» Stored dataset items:
########

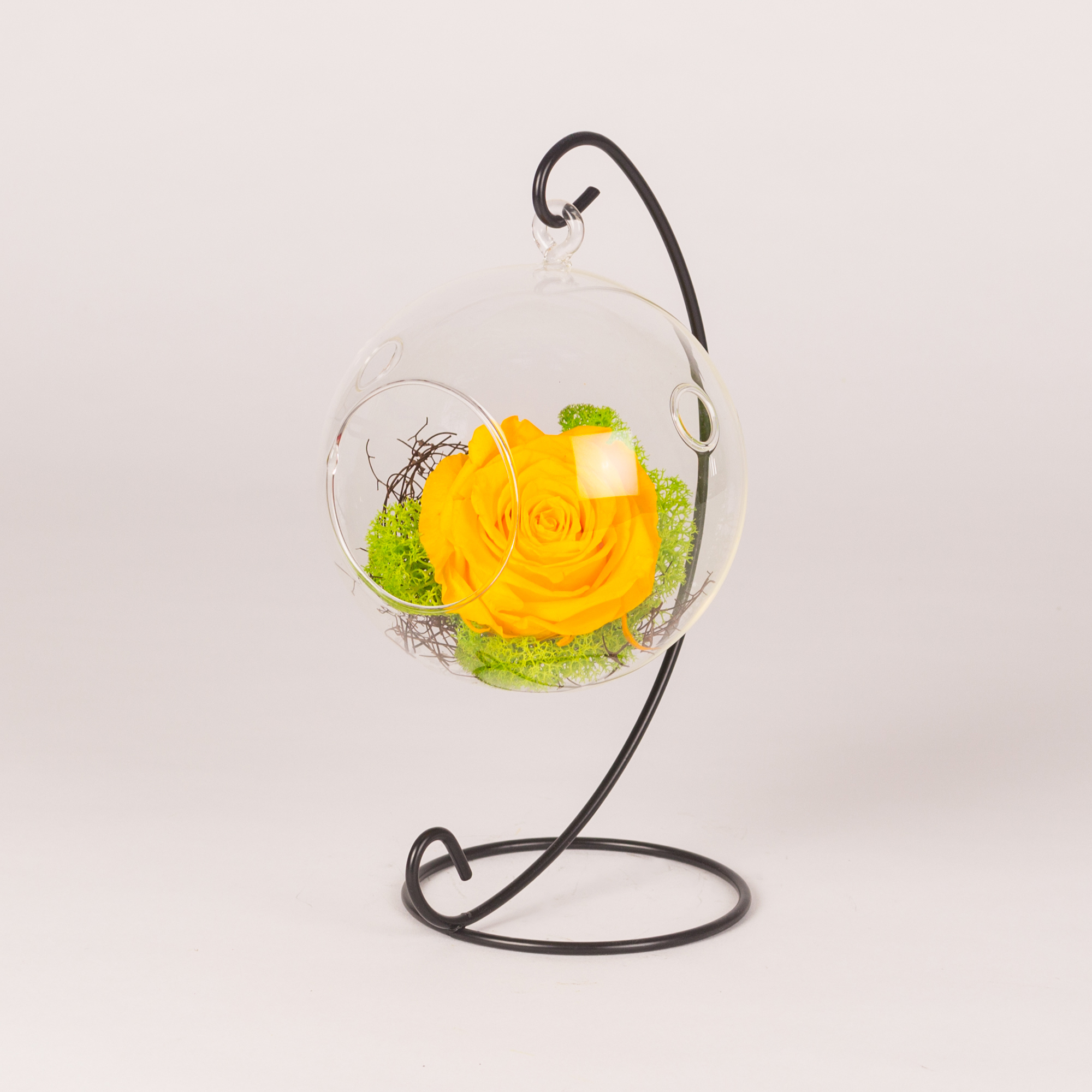 Terrarium dimensions: diameter 12cm, total height with black stand is 22cm. Preserved yellow rose and green moss
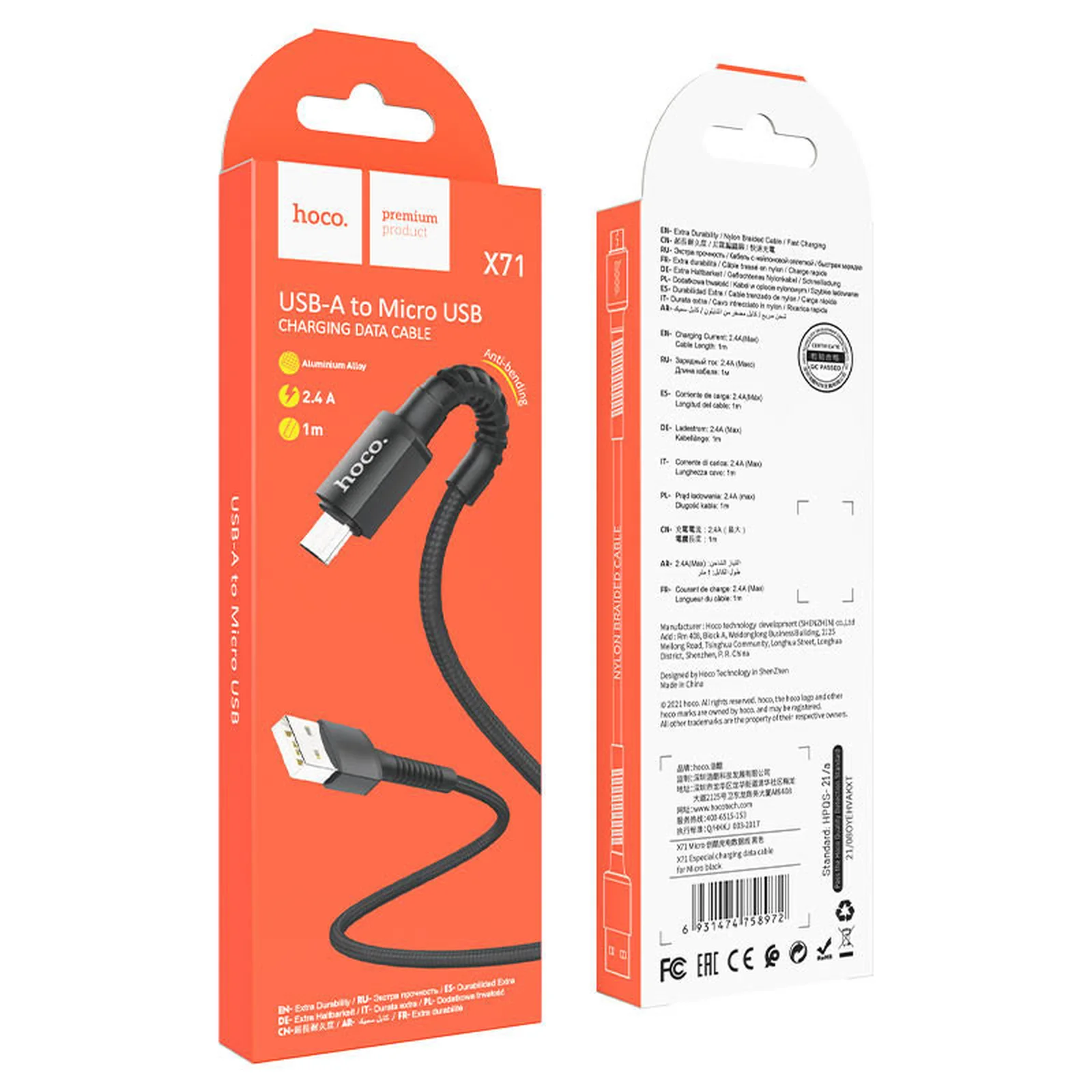 Дата кабель Hoco X71 "Especial" MicroUSB (1m) Black
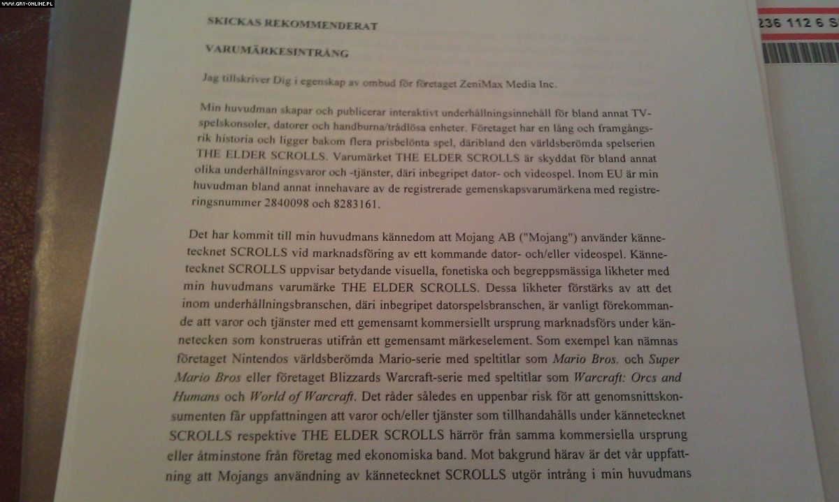 Markę Scrolls, studio Mojang zarejestrowało pół roku temu. Jakiś czas po tym, prawnicy Bethesdy skontaktowali się ze szwedzkim zespołem chcąc dowiedzieć się więcej o Scrolls i zwrócić uwagę na fakt, iż taka nazwa może stanowić pewien problem. Kilka dni temu natomiast, Notch otrzymał 15-stronicowy list, w którym prawnicy otwarcie żądają od Szwedów zaprzestania używania nazwy Scrolls oraz pokaźnej sumy pieniędzy.
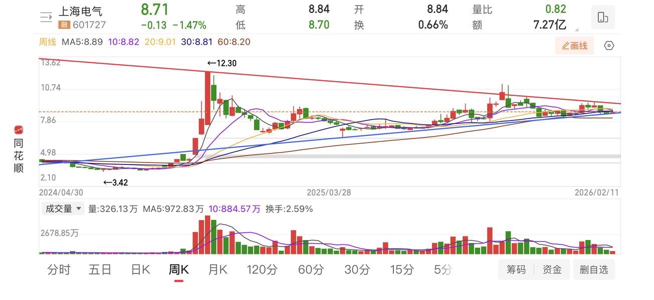 $上海电气(SH601727)$ 勾庄操盘真厉害,从24年9月开始,这票一直在上升趋势,什么时候看能不能跌到8.2,梭哈干。
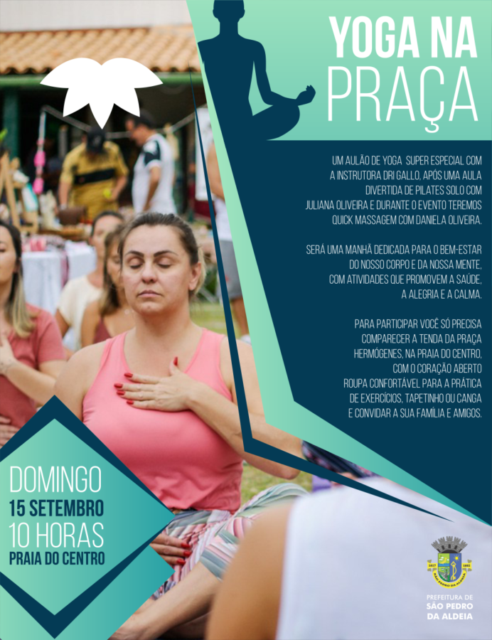 No próximo domingo (15), a Praça Hermógenes Freire da Costa, na Praia do Centro, em São Pedro da Aldeia, vai promover o "Yoga na Praça", um aulão de yoga, com a instrutora Dri Gallo, e de pilates solo, com Juliana Oliveira, a partir das 10h.
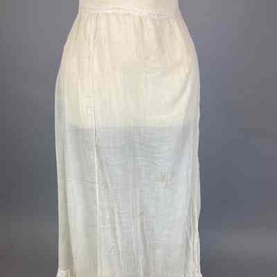 This undergarment is part of a lawn dress ensemble worn by Marsh. Marsh was the daughter of an Irish immigrant and raised near Boggstown. She was a life-long resident of Shelby County.
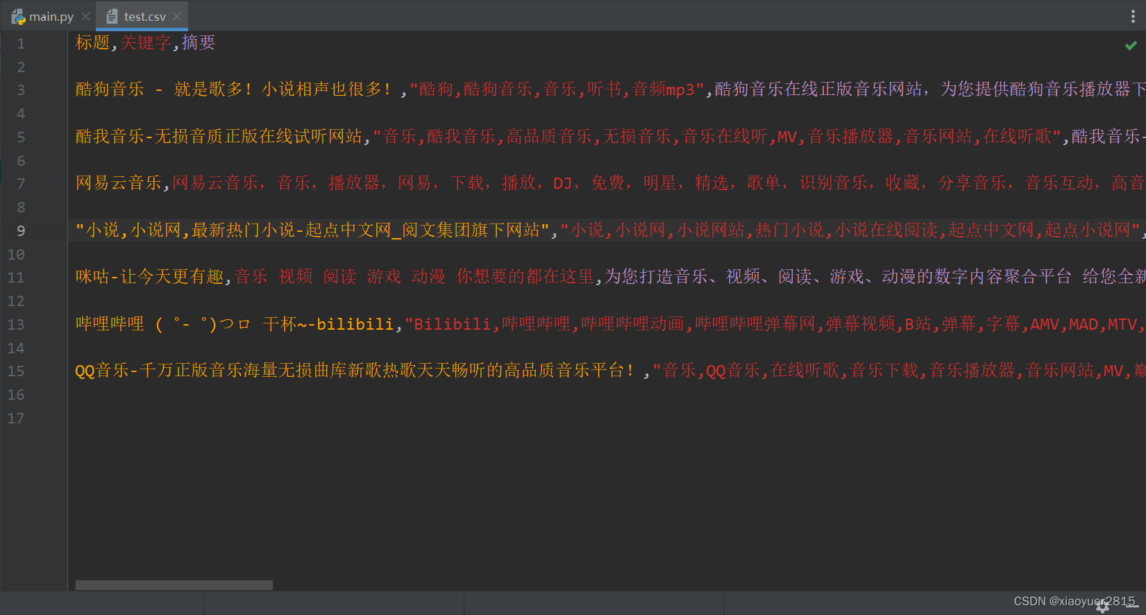 import csvurls = []# 分别是酷狗音乐、酷我音乐、网易云音乐、起点中文网、咪咕音乐、bilibili、qq音乐
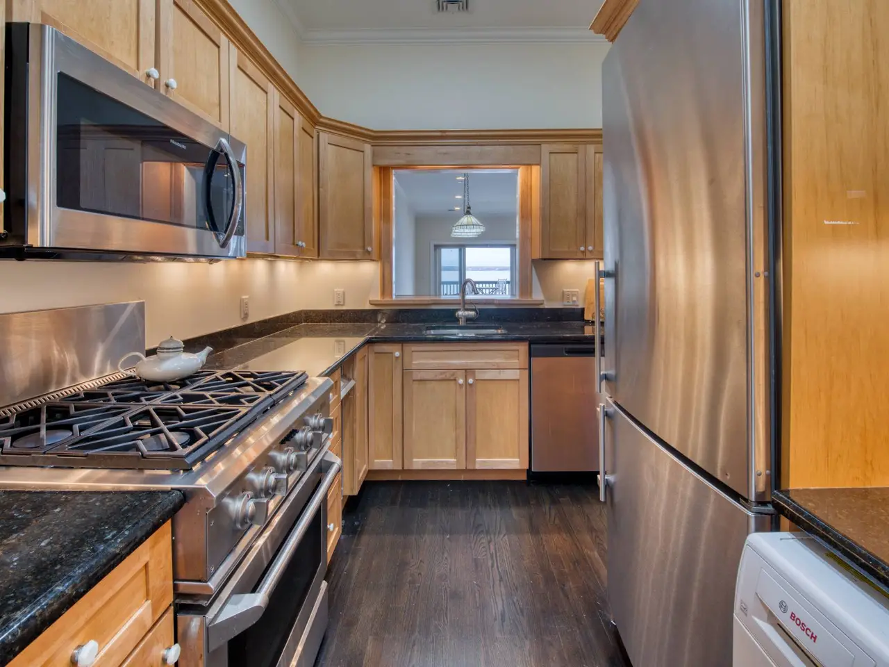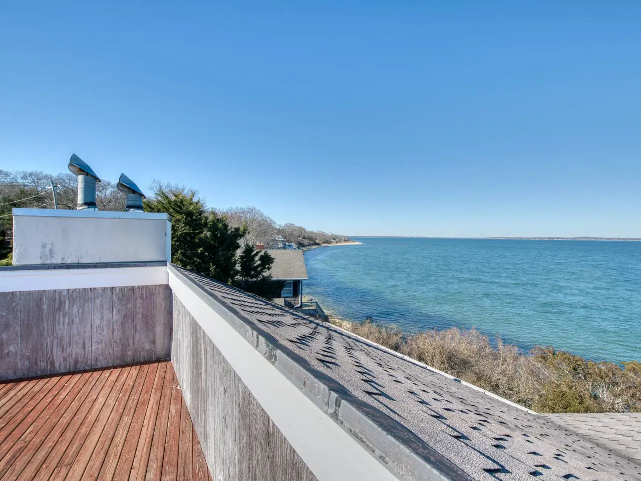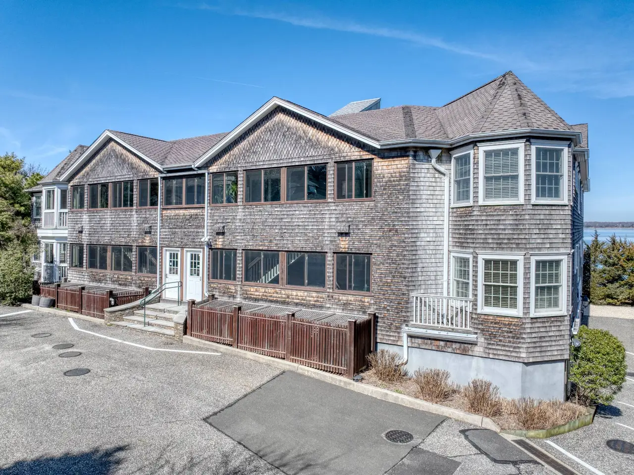 What could be more inviting than sitting on your expansive waterside deck overlooking Long Beach and spectacular sunsets? Spend your summer or year round in this expansive 2,100 square foot, three bedroom, three and a half bath waterside condo. Spectacular water views are not to be missed. Amenities include a lower level indoor parking garage, golf simulator, small gym, elevator access up to the second floor condo unit and down to the lower level. Use the deep water dock, lie on the beach or enjoy the fresh air while meeting friends on Foster Memorial Long Beach for a bonfire or dip in the bay, one of the best Southampton town beaches in the Hamptons with two lifeguard stations. Fabulous area for kite surfing, kayaking, yoga or quietly reading a book. A rooftop deck has soaring views of Noyack Bay, Noyac Harbor and surrounding, Shelter Island, North Fork, Southold and Greenport. Only a few minutes from Sag Harbor Village, five minutes to Bridgehampton and not far from pristine ocean beaches.
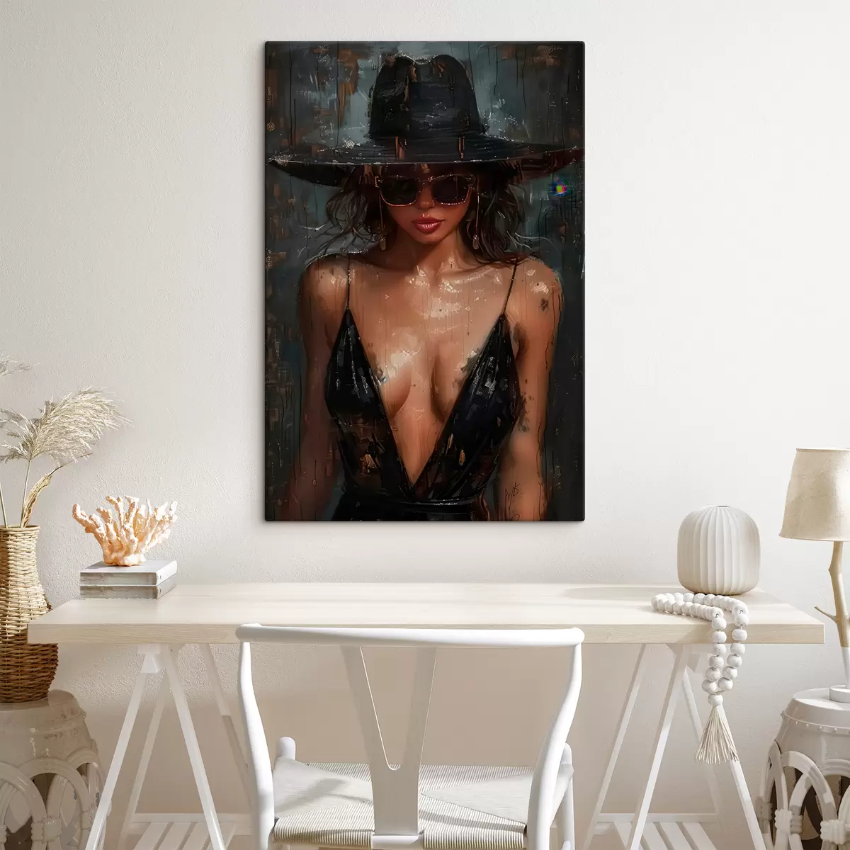 Tableau Fille en robe noire et chapeau noir Nr s40441
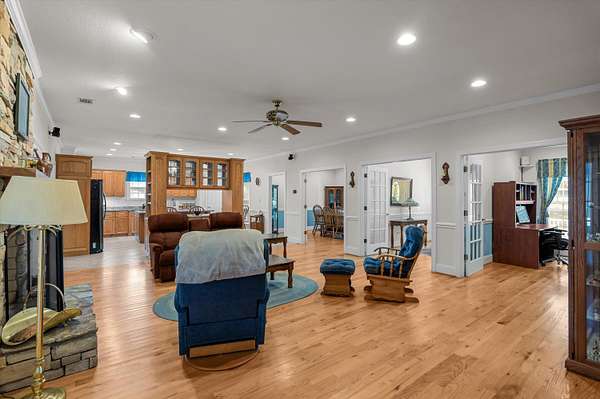 Welcome to Rising Star Farm-a thoughtfully designed equestrian sanctuary set on just over 25 acres in beautiful Lincoln County! This move-in-ready estate blends charm, functionality, and flexibility, making it ideal for equestrian professionals, hobbyists, or multi-generational living. With the expansive grounds, picturesque views and structural versatility, this would also make a phenomenal opportunity for a hospitality venture, wedding venue or private retreat. The custom ranch home spans over 4,300 sq ft and features 4 bedrooms, 4 full baths, 2 half baths, a 6-car garage, and a private in-law suite. A charming rocking chair front porch and a Trex-covered screened-in porch offer the perfect spaces for quiet mornings or entertaining guests. Inside, you'll find hardwood flooring throughout, a formal dining room, and a dedicated office/den, checking all the boxes for everyday comfort and elegant hosting. The foyer opens directly into the great room, anchored by a stunning stone fireplace. The spacious kitchen boasts warm wood cabinetry, granite countertops, a large island, and two sinks-perfect for culinary enthusiasts. The owner's suite provides a private retreat with a garden tub, dual vanities, a large walk-in shower, and a spacious closet. For added convenience, the suite connects directly to the laundry/mudroom and the main 3-car garage. The home features three additional guest bedrooms with ensuite baths, offering comfort and privacy for family and visitors alike-including a main-level in-law suite thoughtfully designed with accessibility in mind. The in-law suite includes ramp access and an interior elevator that connects to the three-car garage, which features a workshop, wood-burning stove, safe room, and half bath. Inside the suite, you'll find a spacious living area with built-ins, a full kitchen, and a large bathroom-an ideal setup for extended family or long-term guests. Equestrian facilities are top-notch, including a 6-stall barn with a central aisle, feed/supply room, and a barn office/show tack room. Water connections are in place for up to five additional stalls. Above the barn, a light-filled apartment features vaulted ceilings, a full kitchen, bedroom, and bathroom-perfect for guests, staff, or rental income. Enjoy four fenced pastures, including two connected to a pole barn with run-in stalls and attached paddocks. The pole barn also offers ample storage for up to five trailers and includes an overhead hay loft. A 30-amp connection in the pole barn is ideal for trailer or RV use, and a convenient onsite trailer dump station located behind the main barn-thoughtfully designed with equestrian travel and events in mind. Additional features include both public water and a private well, whole-home and barn generators, fiber internet, and an unbeatable location-just 30 minutes from Augusta, minutes to Lake Thurmond/Clarks Hill, and near top horseback riding trails, polo grounds, and hunter/jumper farms. Only 2 hours from the Georgia International Horse Park and a local world-class equine rehab center. The perfect blend of luxury, practicality, and equestrian excellence-Rising Star Farm is ready to welcome you home.

########

» WHAT IS NEEDED: Quote all of the entries word for word, omitting any pictures.

» ANSWER TO THIS EXERCISE:
 Terrarium dimensions: diameter 12cm, total height with black stand is 22cm. Preserved yellow rose and green moss
 Дата кабель Hoco X71 "Especial" MicroUSB (1m) Black
 Markę Scrolls, studio Mojang zarejestrowało pół roku temu. Jakiś czas po tym, prawnicy Bethesdy skontaktowali się ze szwedzkim zespołem chcąc dowiedzieć się więcej o Scrolls i zwrócić uwagę na fakt, iż taka nazwa może stanowić pewien problem. Kilka dni temu natomiast, Notch otrzymał 15-stronicowy list, w którym prawnicy otwarcie żądają od Szwedów zaprzestania używania nazwy Scrolls oraz pokaźnej sumy pieniędzy.
 $上海电气(SH601727)$ 勾庄操盘真厉害,从24年9月开始,这票一直在上升趋势,什么时候看能不能跌到8.2,梭哈干。
 No próximo domingo (15), a Praça Hermógenes Freire da Costa, na Praia do Centro, em São Pedro da Aldeia, vai promover o "Yoga na Praça", um aulão de yoga, com a instrutora Dri Gallo, e de pilates solo, com Juliana Oliveira, a partir das 10h.
 This undergarment is part of a lawn dress ensemble worn by Marsh. Marsh was the daughter of an Irish immigrant and raised near Boggstown. She was a life-long resident of Shelby County.
 import csvurls = []# 分别是酷狗音乐、酷我音乐、网易云音乐、起点中文网、咪咕音乐、bilibili、qq音乐
 What could be more inviting than sitting on your expansive waterside deck overlooking Long Beach and spectacular sunsets? Spend your summer or year round in this expansive 2,100 square foot, three bedroom, three and a half bath waterside condo. Spectacular water views are not to be missed. Amenities include a lower level indoor parking garage, golf simulator, small gym, elevator access up to the second floor condo unit and down to the lower level. Use the deep water dock, lie on the beach or enjoy the fresh air while meeting friends on Foster Memorial Long Beach for a bonfire or dip in the bay, one of the best Southampton town beaches in the Hamptons with two lifeguard stations. Fabulous area for kite surfing, kayaking, yoga or quietly reading a book. A rooftop deck has soaring views of Noyack Bay, Noyac Harbor and surrounding, Shelter Island, North Fork, Southold and Greenport. Only a few minutes from Sag Harbor Village, five minutes to Bridgehampton and not far from pristine ocean beaches.
 Tableau Fille en robe noire et chapeau noir Nr s40441
 Welcome to Rising Star Farm-a thoughtfully designed equestrian sanctuary set on just over 25 acres in beautiful Lincoln County! This move-in-ready estate blends charm, functionality, and flexibility, making it ideal for equestrian professionals, hobbyists, or multi-generational living. With the expansive grounds, picturesque views and structural versatility, this would also make a phenomenal opportunity for a hospitality venture, wedding venue or private retreat. The custom ranch home spans over 4,300 sq ft and features 4 bedrooms, 4 full baths, 2 half baths, a 6-car garage, and a private in-law suite. A charming rocking chair front porch and a Trex-covered screened-in porch offer the perfect spaces for quiet mornings or entertaining guests. Inside, you'll find hardwood flooring throughout, a formal dining room, and a dedicated office/den, checking all the boxes for everyday comfort and elegant hosting. The foyer opens directly into the great room, anchored by a stunning stone fireplace. The spacious kitchen boasts warm wood cabinetry, granite countertops, a large island, and two sinks-perfect for culinary enthusiasts. The owner's suite provides a private retreat with a garden tub, dual vanities, a large walk-in shower, and a spacious closet. For added convenience, the suite connects directly to the laundry/mudroom and the main 3-car garage. The home features three additional guest bedrooms with ensuite baths, offering comfort and privacy for family and visitors alike-including a main-level in-law suite thoughtfully designed with accessibility in mind. The in-law suite includes ramp access and an interior elevator that connects to the three-car garage, which features a workshop, wood-burning stove, safe room, and half bath. Inside the suite, you'll find a spacious living area with built-ins, a full kitchen, and a large bathroom-an ideal setup for extended family or long-term guests. Equestrian facilities are top-notch, including a 6-stall barn with a central aisle, feed/supply room, and a barn office/show tack room. Water connections are in place for up to five additional stalls. Above the barn, a light-filled apartment features vaulted ceilings, a full kitchen, bedroom, and bathroom-perfect for guests, staff, or rental income. Enjoy four fenced pastures, including two connected to a pole barn with run-in stalls and attached paddocks. The pole barn also offers ample storage for up to five trailers and includes an overhead hay loft. A 30-amp connection in the pole barn is ideal for trailer or RV use, and a convenient onsite trailer dump station located behind the main barn-thoughtfully designed with equestrian travel and events in mind. Additional features include both public water and a private well, whole-home and barn generators, fiber internet, and an unbeatable location-just 30 minutes from Augusta, minutes to Lake Thurmond/Clarks Hill, and near top horseback riding trails, polo grounds, and hunter/jumper farms. Only 2 hours from the Georgia International Horse Park and a local world-class equine rehab center. The perfect blend of luxury, practicality, and equestrian excellence-Rising Star Farm is ready to welcome you home.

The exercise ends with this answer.